Description of your changes

This PR is the first of many following PRs to migrate to validating admission policies for applicable validation logic.

Specifically, this PR:

adds a admission policy manager for managing admission policies when the agent starts up. This manager is best used for environments where policies cannot be easily deployed/refreshed as part of the agent Helm charts.
adds two policy generator: one for denying writes to pods + replica sets in non-reserved namespaces, the other one for denying writes to service accounts and creating token requests in reserved namespaces.

Releated to #707.

I have:

[*] Associated this change with a known KubeFleet Issue (Bug, Feature, etc).
[*] Run make reviewable to ensure this PR is ready for review.

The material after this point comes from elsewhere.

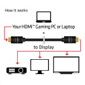 Kábel Club 3D HDMI ™ 4K60Hz UHD RedMere® umožňuje pripojenie vášho herného PC alebo notebooku, ktoré obsahujú port HDMI ™, k (U)HD monitoru alebo inému zariadeniu s rozhraním HDMI.

How has this code been tested

[*] Integration tests

Special notes for your reviewer

Signed-off-by: michaelawyu <chenyu1@microsoft.com>

michaelawyu (michaelawyu) · 2026-05-13T16:19:31Z

Please note that for this PR the manager is not enabled in the hub agent yet.

To control the PR size, additional tests will be submitted as a separate PR.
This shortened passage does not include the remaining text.